What Does This Mean for my Website?

Before the shift to topic clusters, HubSpot’s website structure looked like the image below. The master URL hosts the homepage and links to subdomains or subdirectories. Using HubSpot as an example, you can see the spread of web pages within our blog subdomains. As HubSpot produces more content, blog pages proliferate and the structure becomes spread out and complex, with no uniform linking structure in place.

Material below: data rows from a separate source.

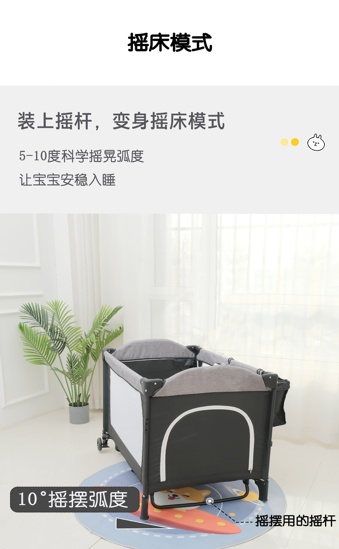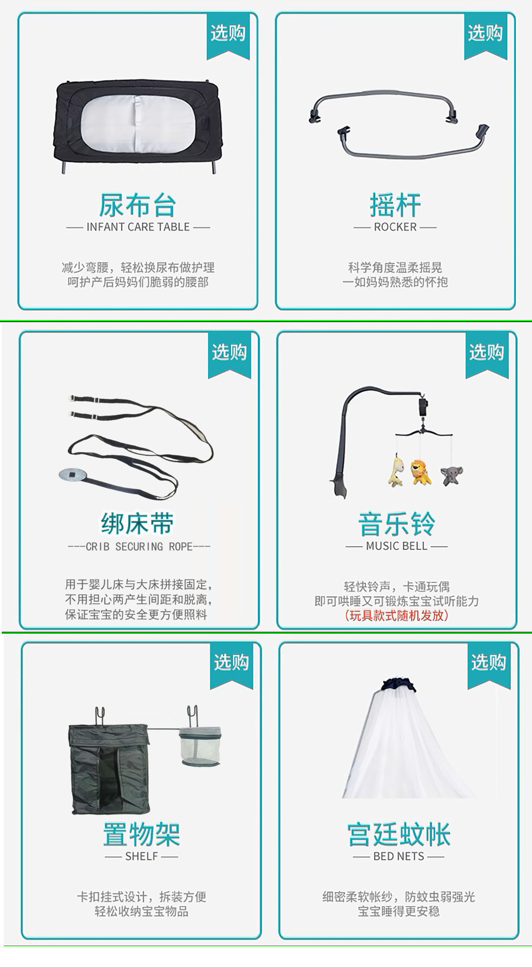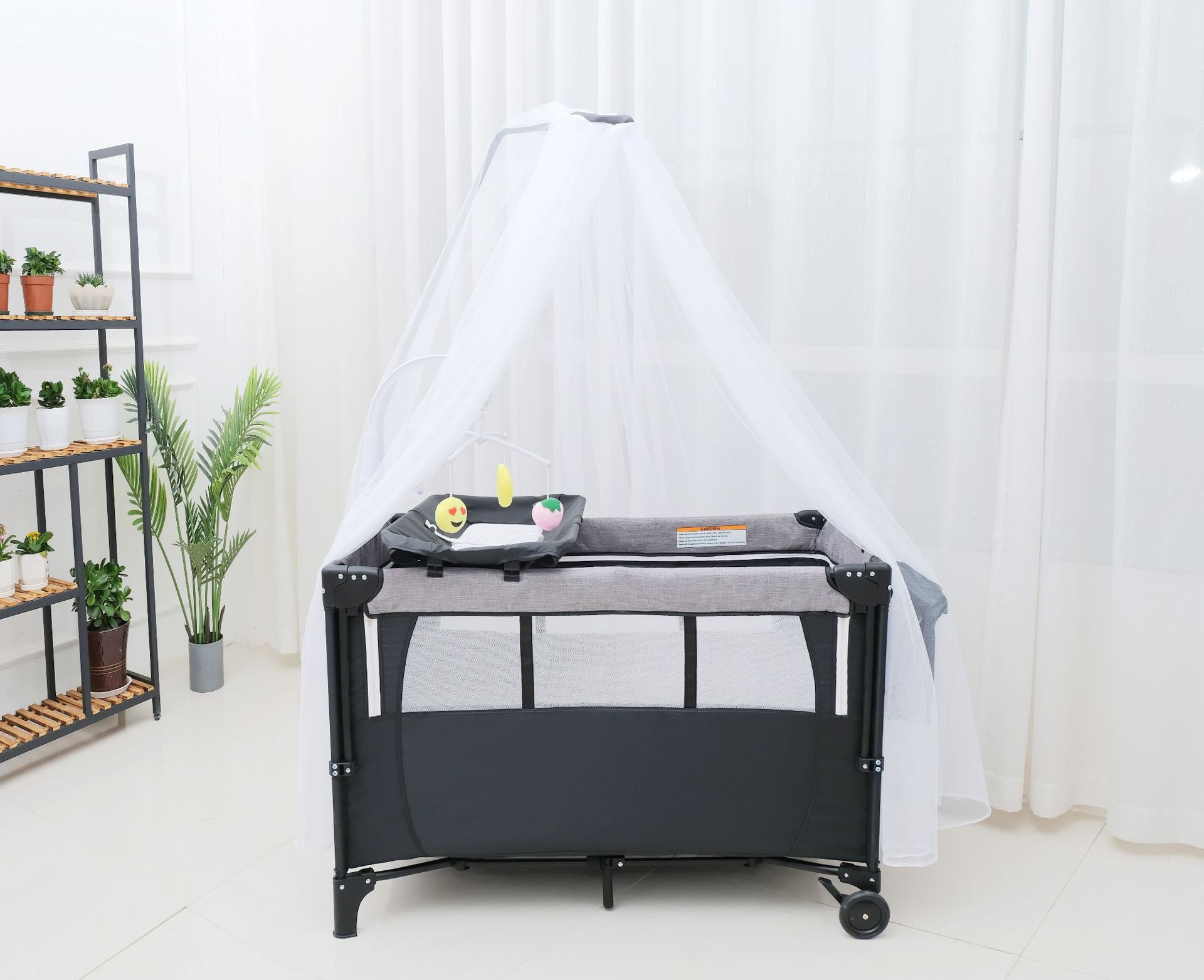 • 럭셔리 사륜 유니버셜 모리스 그레이 [핸드백 + 침대판 + 기저귀교환대 + 수납선반 + 로커 + 침대벨트 + 장난감걸이 + 모기장] 완비
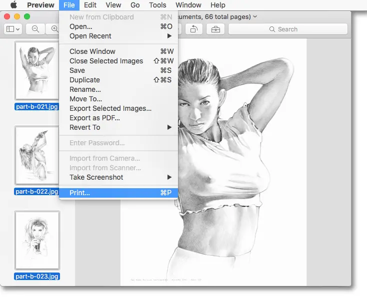 Bước 2: Trong Preview, click chọn File > Print... ( ⌘ P )
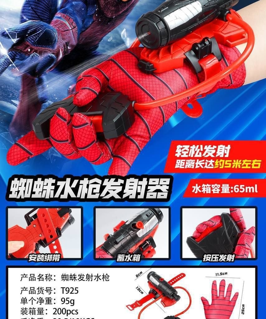 دستکش اسپایدرمن آب پاش یک اسباب بازی آبی به شمار می رود که از مواد با کیفیت ساخته شده است.
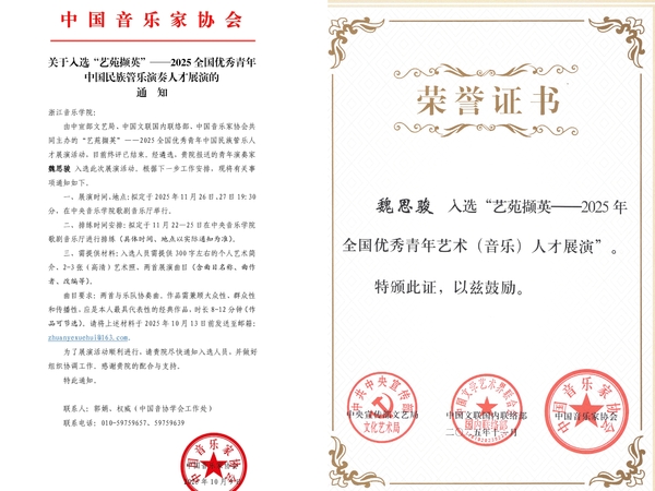 主辦方為獲得“2025藝苑擷英全國優(yōu)秀青年藝術(shù)人才”榮譽(yù)稱號的青年演奏家頒發(fā)榮譽(yù)證書。
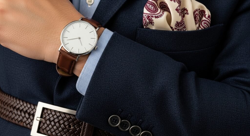 A square pocket, a skinny watch or a belt with some texture gives it character. Keep details subtle. Do not overload the elements. The main item is the blazer, and accessories do not make noise but intensify the overall effect.

This setup makes it harder for search engines to crawl through all the pages quickly. Further, HubSpot, and many similar businesses that invest in content, find themselves with dozens of web pages that cover similar topic areas. All these pages end up competing with each other to get found by search engines, and ultimately, the searcher. A more orderly, thoughtful arrangement is needed - one that tells search engines what page should be prioritized and displayed for a main topic and then organizes all the pages related to that topic in one interlinked cluster.

Source: Matt Barby

Topic clusters rearrange the architecture to look more like the image below, where clusters of content that cover a topic area link to a central pillar page that definitively - yet broadly - outlines the topic. By linking all internal content within that topic to a pillar page, search engines such as Google, Bing, or Yandex can easily scan all the content and understand that there is a semantic relationship between the pages' content. The cluster setup also signals to search engines that there is real breadth and depth in the content, which gives the pillar page more authority on the topic. Algorithms like Google’s RankBrain reward this orderly linking with higher search placement.